Here are some examples of what PySonar can do:

* Python stdlib, sorted by most-used functions: [https://sourcegraph.com/hg.python.org/cpython](https://sourcegraph.com/hg.python.org/cpython)

* Finding everywhere a function is used: [https://sourcegraph.com/hg.python.org/cpython/symbols/python...](https://sourcegraph.com/hg.python.org/cpython/symbols/python/Lib/logging/getLogger)

* All usages of the Django URL render_to_response function: [https://sourcegraph.com/github.com/django/django/symbols/pyt...](https://sourcegraph.com/github.com/django/django/symbols/python/django/shortcuts/render_to_response)

* All usages of the Flask @app.route decorator: [https://sourcegraph.com/github.com/mitsuhiko/flask/symbols/p...](https://sourcegraph.com/github.com/mitsuhiko/flask/symbols/python/flask/app/Flask/route)

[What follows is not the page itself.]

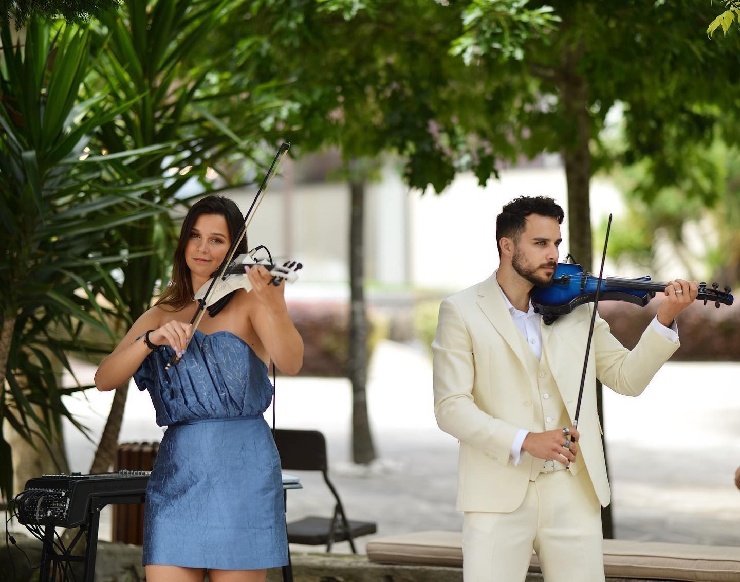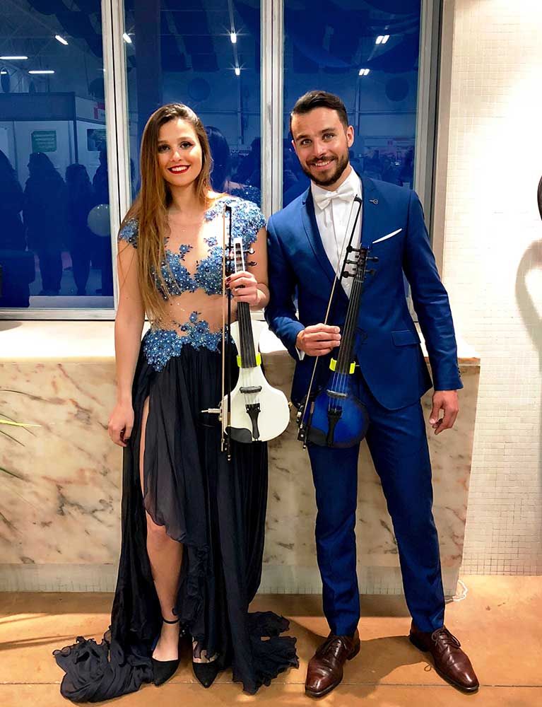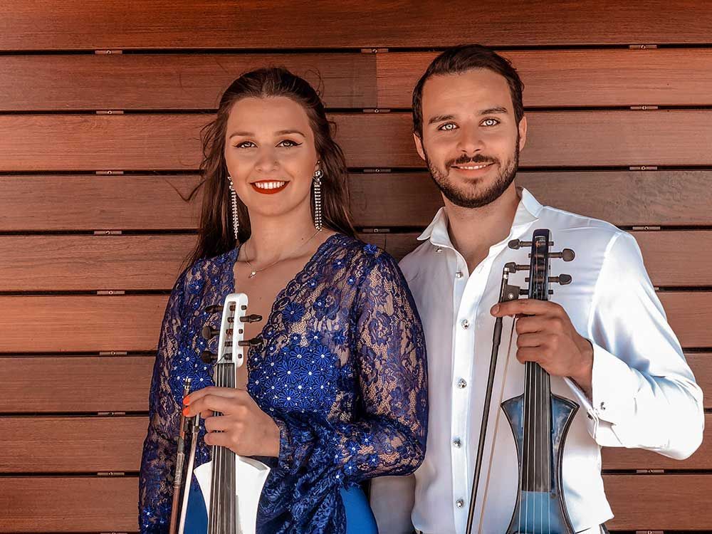 Os Blue & White Duet são um duo composto por Inês e Hugo, dois irmãos apaixonados pelo violino elétrico e pela forma como este instrumento consegue tocar o coração das pessoas e despertar emoções únicas. Com mais de 10 anos de experiência, destacam-se pela originalidade e pela versatilidade que trazem a cada performance, conquistando públicos em diferentes tipos de eventos e espetáculos. Desde concertos de palco a apresentações íntimistas, o trabalho dos Blue & White Duet combina talento, criatividade e um toque único, adaptado a cada ocasião.

This is all done using PySonar v1-based static analysis on Python code.
PySonar v2 is even better.

------
horia_
Very cool!

From a pragmatic perspective, I'd like to see an extension of this that
enables me to ask PySonar to insert some validation magics in my functions and
object methods to enforce the caller to use the appropriate types.

------
handsomegui
Which is now open-sourced at:
[https://github.com/yinwang0/pysonar2](https://github.com/yinwang0/pysonar2)